| Activity |
Every record should be copied exactly, and the images omitted.

| Exercise input |
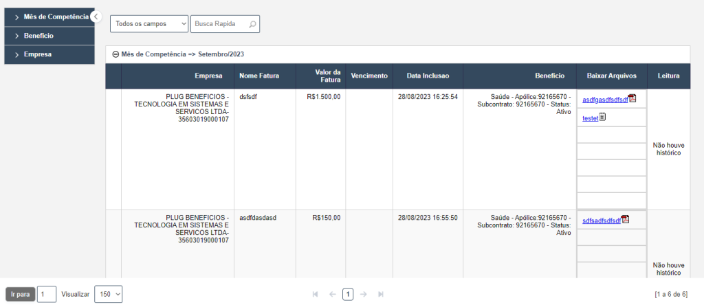 Esse setor tem como funcionalidade o acompanhamento dos faturamentos relacionados aos benefícios contratados. Contendo acesso aos documentos de cada faturamentos para baixar e subdivisões por mês de competência para uma melhor organização.
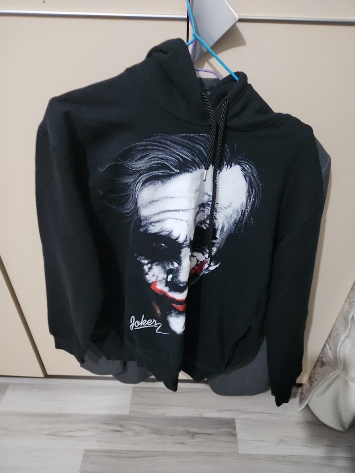 Siyah kapüşonlu, Joker yüz baskılı, fermuarlı uzun kollu sweatshirt. Yumuşak ve sıcak kumaştan, rahat kesim.
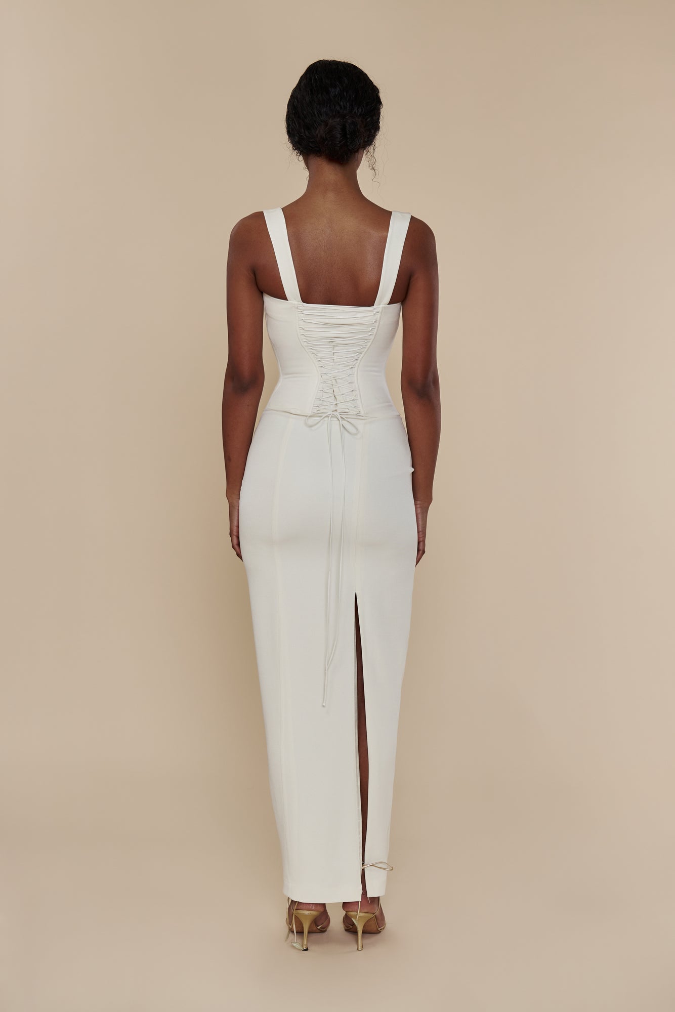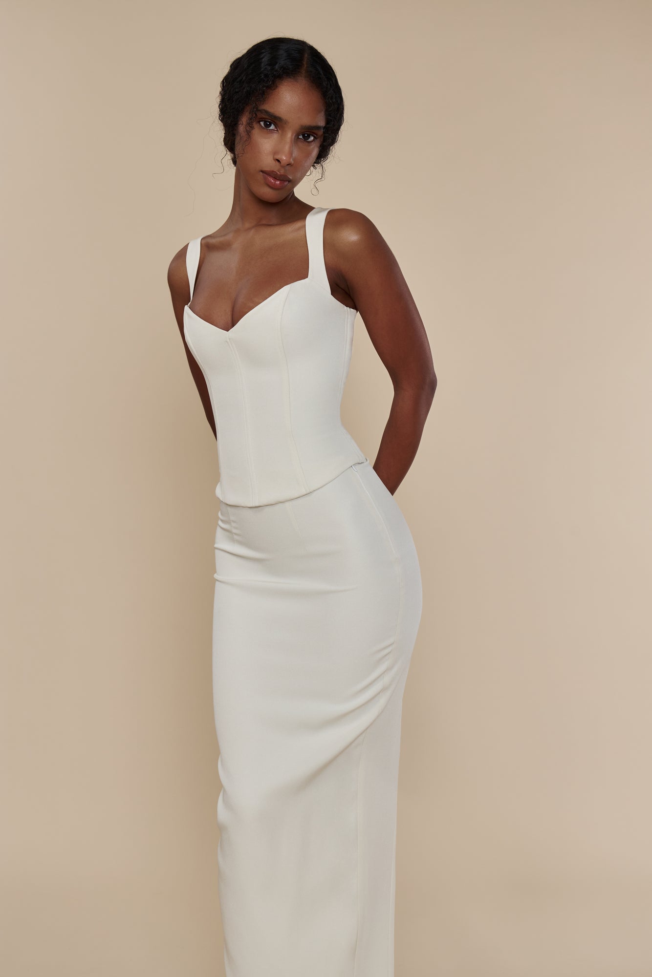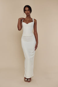 Designed and proudly made in New York City, USA. The Artemis Skirt is made on the matte side of Crepe Back Satin. This mid waist, column skirt hits just below the ankle to elongate the leg and offers a side back slit for mobility. It has an invisible zipper at the side seam with a hook and eye closure on top. Shown with the Artemis Bustier. This made-to-order style is expected to ship within 3-4 months. Find out more here.
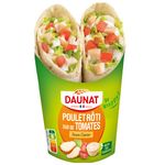 Ingrédients : Galette de BLÉ aux graines de lin 48% (farine de BLÉ 29.5%, eau, huile de colza, graines de lin 1.1%, sel, poudre à lever : carbonates de sodium), viande de poulet rôti traitée en salaison préparée en France 16% (viande de poulet origine UE, eau, acidifiants : lactate de potassium - acétates de potassium, dextrose, amidon de pomme de terre et amidon transformé de pomme de terre, sel, stabilisants : triphosphates, sucre roux, antioxydant : érythorbate de sodium), sauce au FROMAGE blanc 12% [ FROMAGE blanc 4.1%, huile de colza, eau, vinaigre d’alcool, amidon, jaune d ’OEUF, MOUTARDE (eau, graines de MOUTARDE, vinaigre d’alcool, sel), sucre, sel, arôme (dont POISSON), épaississant : gomme guar], salade 8%, tomate 5%, FROMAGE pasteurisé au LAIT de vache 4% (LAIT de vache, sel, coagulant microbien), tomates mi-séchées assaisonnées 2%. (tomates semi-déshydratées 1.8%, huile de colza, sel, origan, ail), amidon transformé de pomme de terre ( % exprimés sur le produit fini). Informations en MAJUSCULES destinées aux personnes allergiques. Traces éventuelles de crustacés, céleri, graines de sésame, fruits à coque, soja et lupin
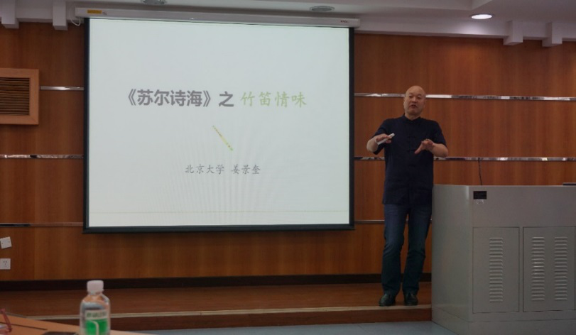 聘书颁发仪式后,姜景奎教授主讲了题为“苏尔诗海之竹笛琴味”的讲座。姜景奎教授选取该诗歌集中与竹笛相关的诗歌,基于翻译研究,赏析苏尔达斯的竹笛情味。讲座幽默风趣,内容引人入胜。此次讲座加深了师生们对印地语巨著《苏尔诗海》的了解,提高了学生学习语言和相关文学知识的兴趣。来自我院印地语、乌尔都语、孟加拉语等多个专业的师生认真聆听了本次讲座。

| Answer space |
 Esse setor tem como funcionalidade o acompanhamento dos faturamentos relacionados aos benefícios contratados. Contendo acesso aos documentos de cada faturamentos para baixar e subdivisões por mês de competência para uma melhor organização.
 Siyah kapüşonlu, Joker yüz baskılı, fermuarlı uzun kollu sweatshirt. Yumuşak ve sıcak kumaştan, rahat kesim.
 Designed and proudly made in New York City, USA. The Artemis Skirt is made on the matte side of Crepe Back Satin. This mid waist, column skirt hits just below the ankle to elongate the leg and offers a side back slit for mobility. It has an invisible zipper at the side seam with a hook and eye closure on top. Shown with the Artemis Bustier. This made-to-order style is expected to ship within 3-4 months. Find out more here.
 Ingrédients : Galette de BLÉ aux graines de lin 48% (farine de BLÉ 29.5%, eau, huile de colza, graines de lin 1.1%, sel, poudre à lever : carbonates de sodium), viande de poulet rôti traitée en salaison préparée en France 16% (viande de poulet origine UE, eau, acidifiants : lactate de potassium - acétates de potassium, dextrose, amidon de pomme de terre et amidon transformé de pomme de terre, sel, stabilisants : triphosphates, sucre roux, antioxydant : érythorbate de sodium), sauce au FROMAGE blanc 12% [ FROMAGE blanc 4.1%, huile de colza, eau, vinaigre d’alcool, amidon, jaune d ’OEUF, MOUTARDE (eau, graines de MOUTARDE, vinaigre d’alcool, sel), sucre, sel, arôme (dont POISSON), épaississant : gomme guar], salade 8%, tomate 5%, FROMAGE pasteurisé au LAIT de vache 4% (LAIT de vache, sel, coagulant microbien), tomates mi-séchées assaisonnées 2%. (tomates semi-déshydratées 1.8%, huile de colza, sel, origan, ail), amidon transformé de pomme de terre ( % exprimés sur le produit fini). Informations en MAJUSCULES destinées aux personnes allergiques. Traces éventuelles de crustacés, céleri, graines de sésame, fruits à coque, soja et lupin
 聘书颁发仪式后,姜景奎教授主讲了题为“苏尔诗海之竹笛琴味”的讲座。姜景奎教授选取该诗歌集中与竹笛相关的诗歌,基于翻译研究,赏析苏尔达斯的竹笛情味。讲座幽默风趣,内容引人入胜。此次讲座加深了师生们对印地语巨著《苏尔诗海》的了解,提高了学生学习语言和相关文学知识的兴趣。来自我院印地语、乌尔都语、孟加拉语等多个专业的师生认真聆听了本次讲座。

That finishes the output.